--- START ---
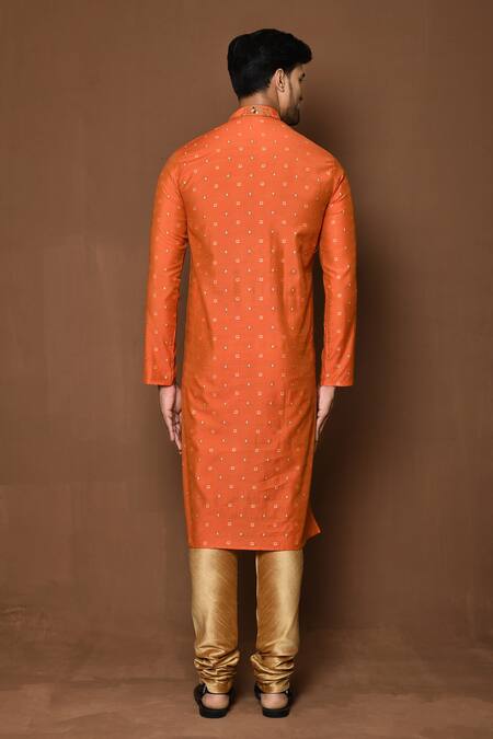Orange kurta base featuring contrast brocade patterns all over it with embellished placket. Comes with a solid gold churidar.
--- END ---
--- START ---
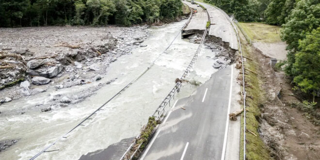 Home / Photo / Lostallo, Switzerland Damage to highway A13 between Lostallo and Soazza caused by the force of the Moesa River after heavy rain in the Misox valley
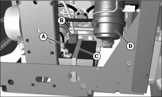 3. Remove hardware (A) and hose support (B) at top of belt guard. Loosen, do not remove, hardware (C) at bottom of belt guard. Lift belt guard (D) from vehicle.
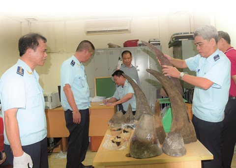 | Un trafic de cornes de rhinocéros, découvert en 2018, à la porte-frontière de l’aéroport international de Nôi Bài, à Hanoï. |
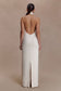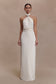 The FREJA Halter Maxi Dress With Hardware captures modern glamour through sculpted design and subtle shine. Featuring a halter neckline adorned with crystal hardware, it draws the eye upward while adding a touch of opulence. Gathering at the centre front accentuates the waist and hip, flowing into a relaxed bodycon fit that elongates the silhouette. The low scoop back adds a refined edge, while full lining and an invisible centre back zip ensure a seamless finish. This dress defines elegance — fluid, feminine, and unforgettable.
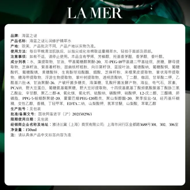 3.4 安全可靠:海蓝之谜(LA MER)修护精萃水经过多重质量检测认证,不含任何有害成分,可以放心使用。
--- END ---
--- START ---
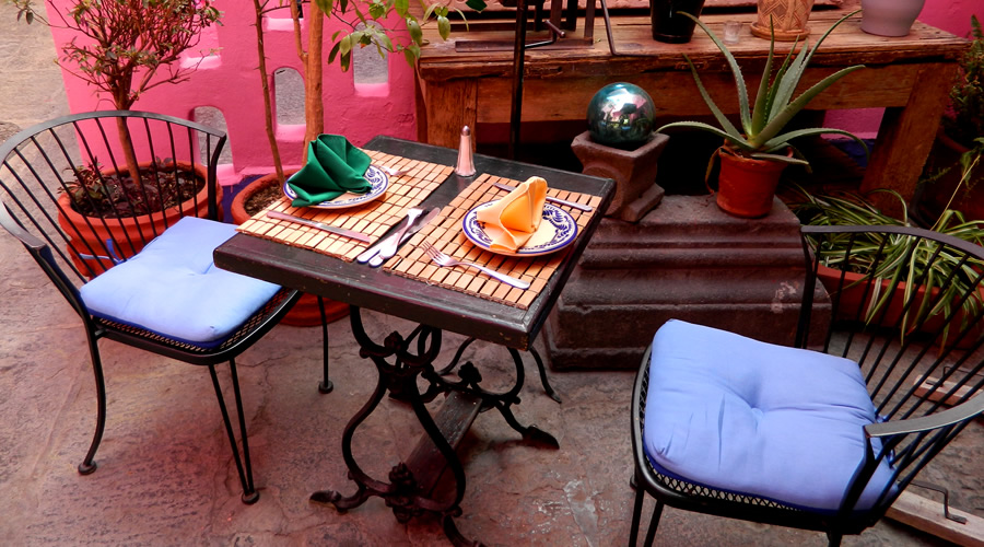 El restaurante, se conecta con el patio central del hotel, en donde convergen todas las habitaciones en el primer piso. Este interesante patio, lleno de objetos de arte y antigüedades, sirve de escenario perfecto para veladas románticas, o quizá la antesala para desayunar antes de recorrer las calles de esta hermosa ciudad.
--- END ---
_Aim of the exercise:_ Look above for the line with "The FREJA Halter" and the line with "3.4 安全可靠:海蓝之谜(LA MER)修护精萃水经过多重质量检测认证,不含任何有害成分,可以放心使用。". Output those two and everything between them exactly, pictures excluded.

_Response:_
 The FREJA Halter Maxi Dress With Hardware captures modern glamour through sculpted design and subtle shine. Featuring a halter neckline adorned with crystal hardware, it draws the eye upward while adding a touch of opulence. Gathering at the centre front accentuates the waist and hip, flowing into a relaxed bodycon fit that elongates the silhouette. The low scoop back adds a refined edge, while full lining and an invisible centre back zip ensure a seamless finish. This dress defines elegance — fluid, feminine, and unforgettable.
 3.4 安全可靠:海蓝之谜(LA MER)修护精萃水经过多重质量检测认证,不含任何有害成分,可以放心使用。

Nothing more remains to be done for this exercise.